The new world requires that business take on a larger portfolio of responsibilities that collectively strive for outcomes beyond those that are solely self-serving. The mandate is to reform the capitalist system, shift it from a focus on profit alone to a focus on simultaneously bettering the world in meaningful ways.

In 2013, John Mackey, co-CEO of Whole Foods Market, and Raj Sisodia, marketing professor at Bentley University, published “Conscious Capitalism: Liberating the Heroic Spirit of Business”, articulating a call-to-action to transform capitalism itself:

“Conscious capitalism is an evolving paradigm for business that simultaneously creates multiple kinds of value and well-being for all stakeholders: financial, intellectual, physical, ecological, social, cultural, emotional, ethical and even spiritual. This new operating system for business is in far greater harmony with the ethos of our times and the essence of our evolving beings.”

Mackey and Sisodia challenge world leaders, not just in business, to commit to caring for workers, communities, and the environment.
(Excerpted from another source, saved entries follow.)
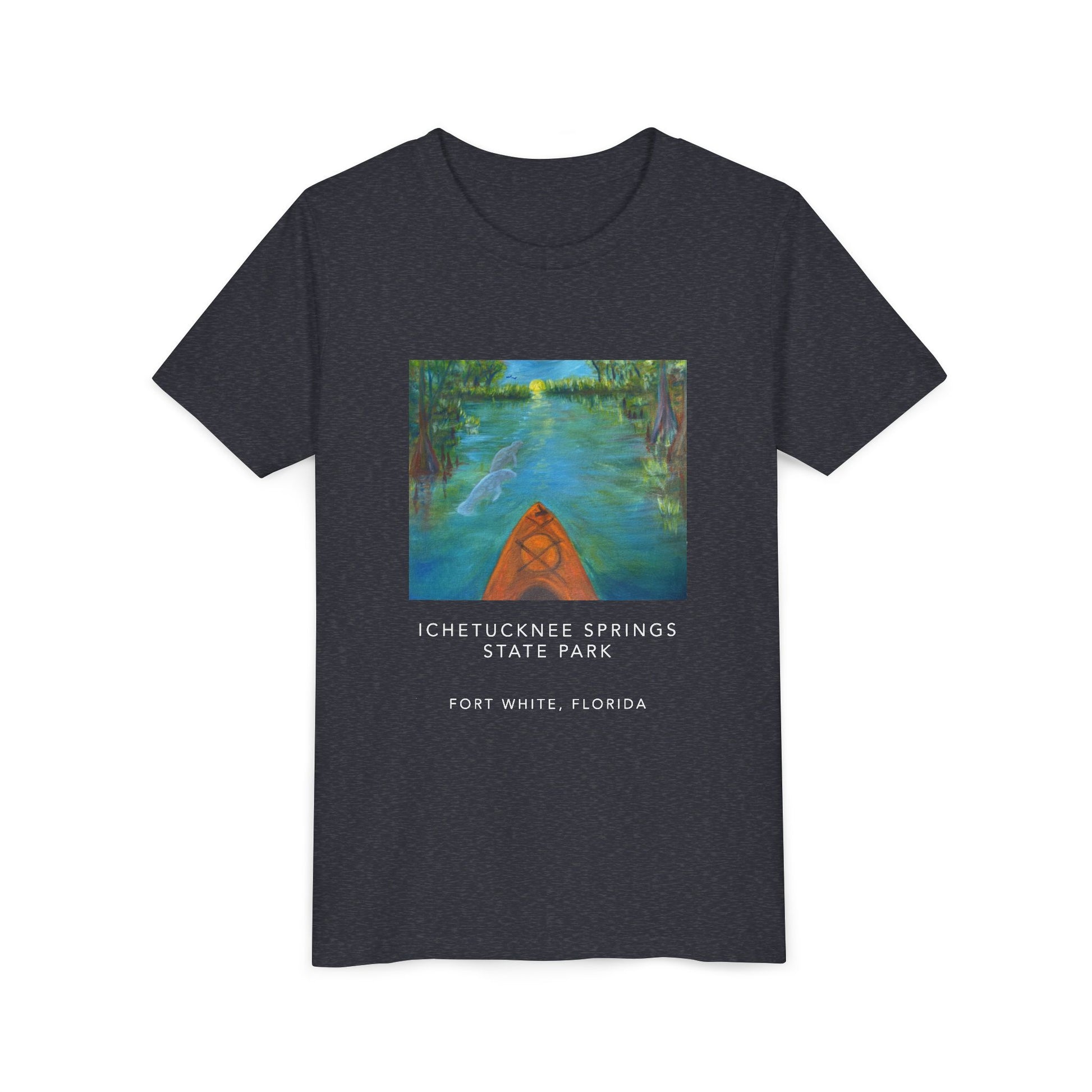 Immerse yourself in the tranquil blues and lush greens of Florida’s wild heart with our Ichetucknee Springs State Park Youth Short Sleeve Tee. Featuring a vivid, high-quality print of an original painting of Ichetucknee Springs, this shirt captures the mesmerizing waters, dancing light, and untamed beauty of one of the state's most breathtaking natural springs.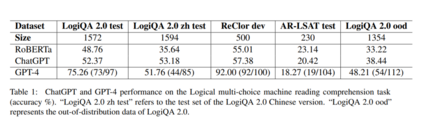 尽管有局限性,ChatGPT仍然代表了自然语言理解的重大进步,并展示了语言模型进行逻辑推理的潜力。在LogiQA和ReClor上进行手动测试时,GPT-4的性能明显优于ChatGPT。在LogiQA 2.0测试集上,GPT-4的准确率为75.26%。然而,在中文LogiQA 2.0测试集上,GPT-4在中文版本数据集上的准确率下降明显,达到了51.76%。在ReClor开发集上(ReClor在其测试中也不包括黄金标签),GPT-4达到了92.00%的准确率,这是显著的。然而,当在AR-LSAT测试集上进行测试时,GPT-4的表现令人惊讶地更差,只有18.27%的准确率。在LogiQA 2.0 ood数据集上的测试结果表明,GPT-4的正确率仅为48.21%,明显低于在ReClor数据集上的正确率。我们不会急于得出结论,但可以肯定地说,GPT-4在分布外数据集上的性能下降是明显的。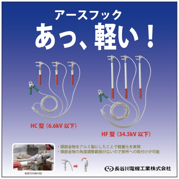 【特長】 ・アルミ製の頭部金物により,当社比で 約40%の軽量化を実現 ・頭部金物の角度調整が最大120度まで 可能となり,従来品より狭所へのアク セスが容易 ・クリップ式の接地金物により操作性が 向上,作業時間が短縮 ・高圧,特高キュービクルで使用ができ る2タイプ(HC/HF型) ・「接地中」の表示ができる収納袋付き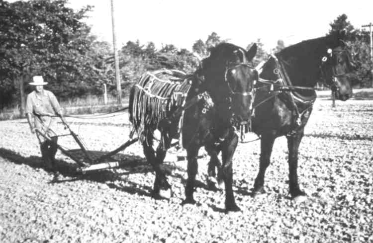 - Farmer using horses to plow his field
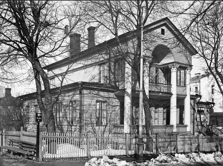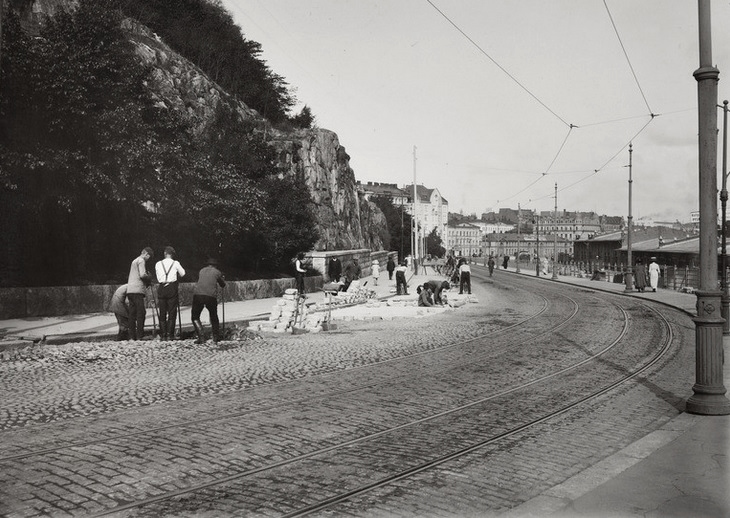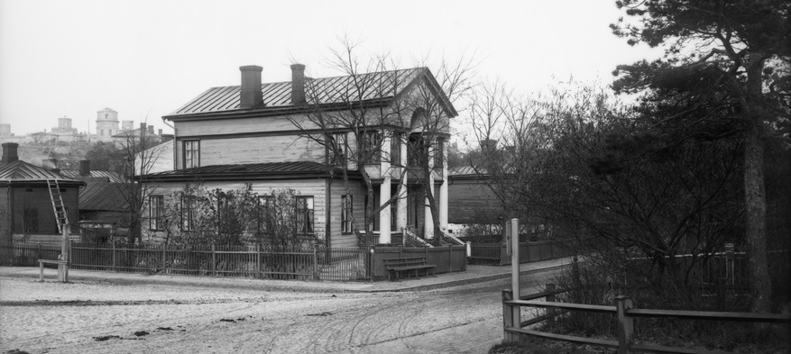 Näkymä Tähtitornin vuorelta kaakkoon, etualalla satamarata ja Saunakatu (nyk. Laivasillankatu). Oikealla Etelärannan laivatelakan alue. Taustalla Kaivopuistoa, mm. Villa Kalliolinna, Huvilatie 16, (nyk. Kalliolinnatie 12) ja Cygnaeuksen galleria. Rakennuksissa juhlaliputus. Oikealla takana tuulimylly Myllykalliolla nykyisen Myllytie 4:n kohdilla. Kuvaaja: Otto Johansson (1890-luku) * (Helsingin kaupunginmuseo, CC BY 4.0).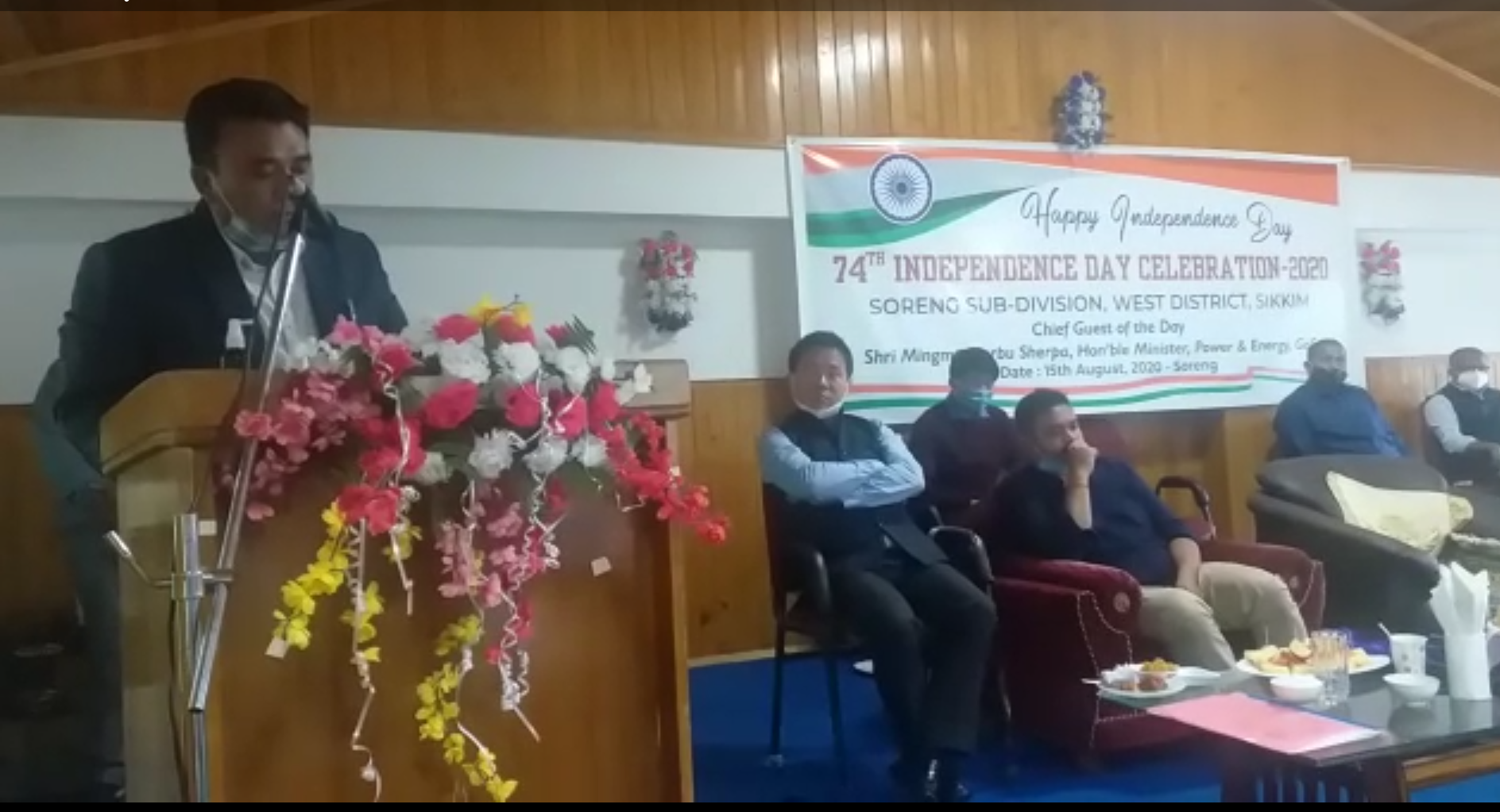सम्बोधन गर्ने क्रममा मुख्य अथिति मन्त्री एमएन शेर्पाले प्रथमत: ७४ औं स्वतन्त्रता दिवसको अवसरमा महकुमावासीलाई बधाई दिँदै देशलाई स्वतन्त्रता दिलाउन शहीद बनेका स्वतन्त्रता सेनानीहरुलाई स्मरण गर्दै उनले श्रद्धाञ्जली अर्पण गरे। मुख्यमन्त्रीको नेतृत्वमा सरकारले सिक्किमे जनताको हितमा उच्च प्राथमिकता दिएर काम गरिरहेको मन्तव्य जाहेर गर्दै सरकारले १५ महिना भित्रमा अनेकौं काम गरेको बताए। मन्त्री शेर्पाले अघि भने, सिक्किम शान्तिमय राज्य हो। जनता सुरक्षित छन्। जातीय सद्भावना एसकेएम सरकारको मूलमन्त्र रहेको बताउँदै मन्त्री शेर्पाले सबैजना सिक्किमे भएर बाँच्नु पर्ने आह्वान गरे। कार्यक्रमलाई विशिष्ट अथिति मुख्यमन्त्रीका प्रेस सल्लाहकार सीपी शर्माले पनि सम्बोधन गरे।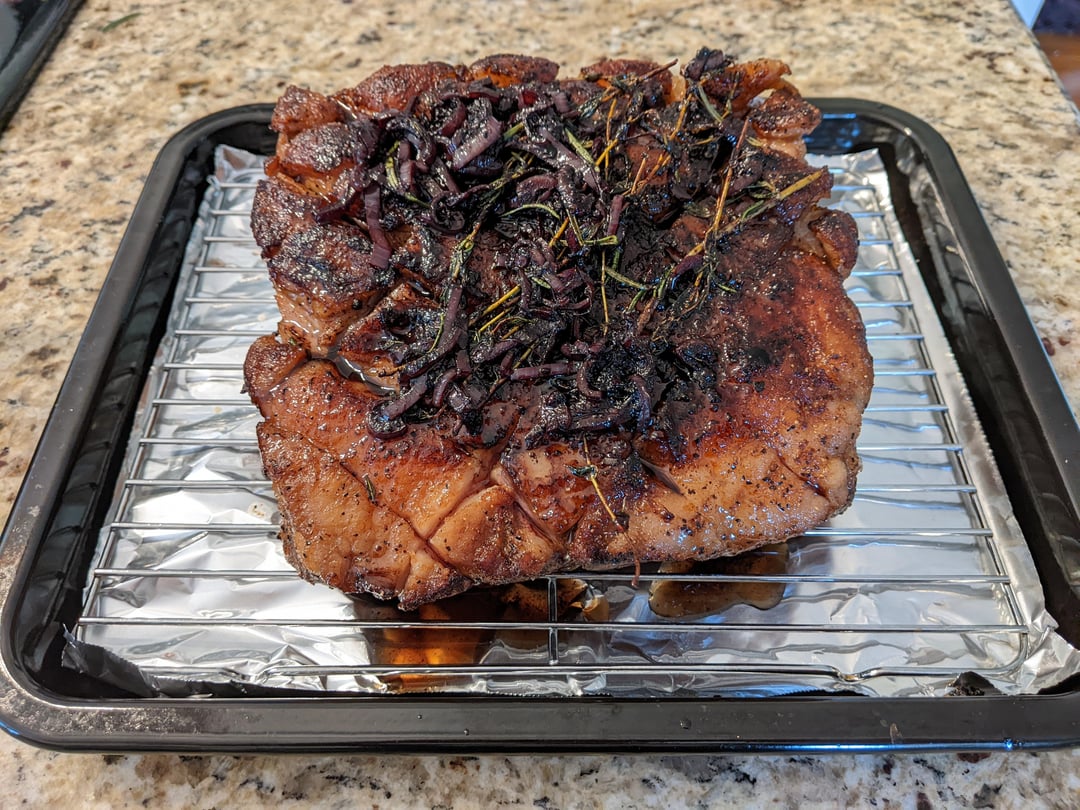 Decided to try out a strip loin roast for Easter this year. I started by cutting a 4 pound section and then trimming the fat cap evenly to about ¼ inch. I then scored the fat cap and put on a rub I made of 1% salt (by weight, so about 18 grams), black pepper, brown sugar, garlic powder, onion powder, and paprika. I let that dry brine in the fridge for about 24 hours. I seared the roast on all sides, then threw some shallot, a couple of thyme sprigs, and a rosemary spring into the pan to fry in the drippings. I deglazed with ½ cup red wine, and reduced all of that together until it was a thick glaze. I then poured that over top the seared roast, and bagged it. It went into the water at 136° for 6 hours. When it was done, I made the same exact rub again, this time adding 2 teaspoons of red wine vinegar to make it into a paste. I dried off the roast and rubbed the paste on and stuck it into a 450° oven for about 15 minutes. Served it with a jus made from the bag juice, 2 cups beef stock, and ¼ cup red wine that I reduced to about half.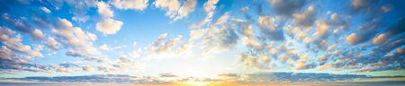 Panorama of blue sky with cloud at sunset. Panoramic image.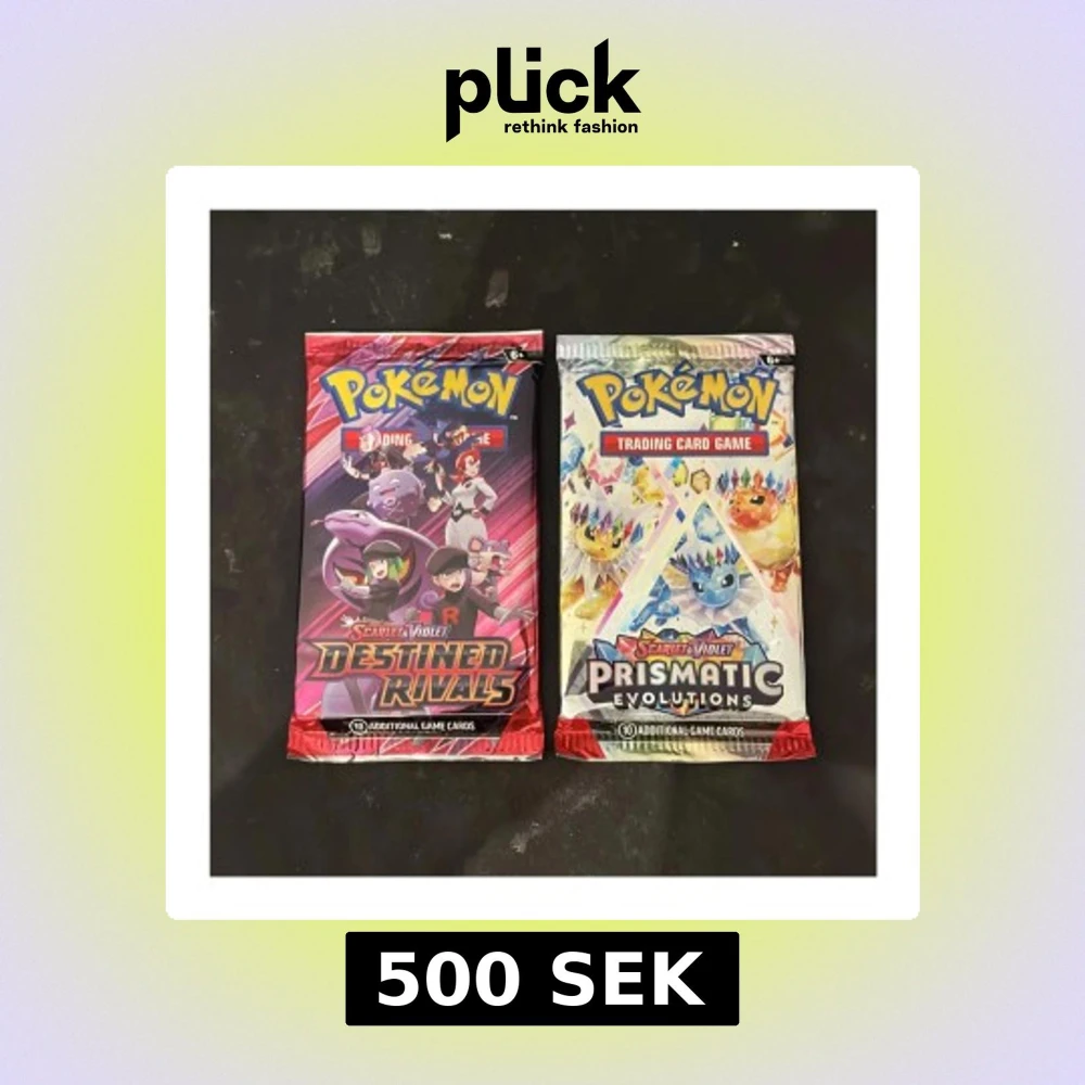 Samling med 6 olika Pokémon Scarlet & Violet och 8st booster packs: Destined Rivals, Prismatic Evolutions, Mega Evolution (fyra varianter), White Flare och Black Bolt. Perfekt för dig som vill utöka din samling eller spela med vänner! Varje paket innehåller 10 spelkort.

They urge that doing so is not a distraction from fiduciary duty, but is actually “the best way to optimize long-term profits and long-term shareholder value.”

In their view, how money is made just as important as making the money in the first place.

Proof is abundant even now in the movement’s early stages — Patagonia is the poster-child for doing good while doing well; Harley-Davidson, Google, the Container Store, Pedigree, Medtronic, Trader Joe’s, Panera Bread are other strong examples.

Back to our discussion of AI, concerned communities of scientists, policy-makers, and corporate leaders are emerging around the world:

The computer science and artificial intelligence communities are starting to awaken to the profound ways that their algorithms will impact society, and are now attempting to develop guidelines on ethics for our increasingly automated world. The EU has developed principles for ethical AI, as has the IEEE, Google, Microsoft, and other countries and corporations. Among the more recent and prominent efforts is a set of principles crafted by the Organization for Economic Co-operation and Development (OECD), an intergovernmental organization that represents 37 countries for economic concerns and world trade.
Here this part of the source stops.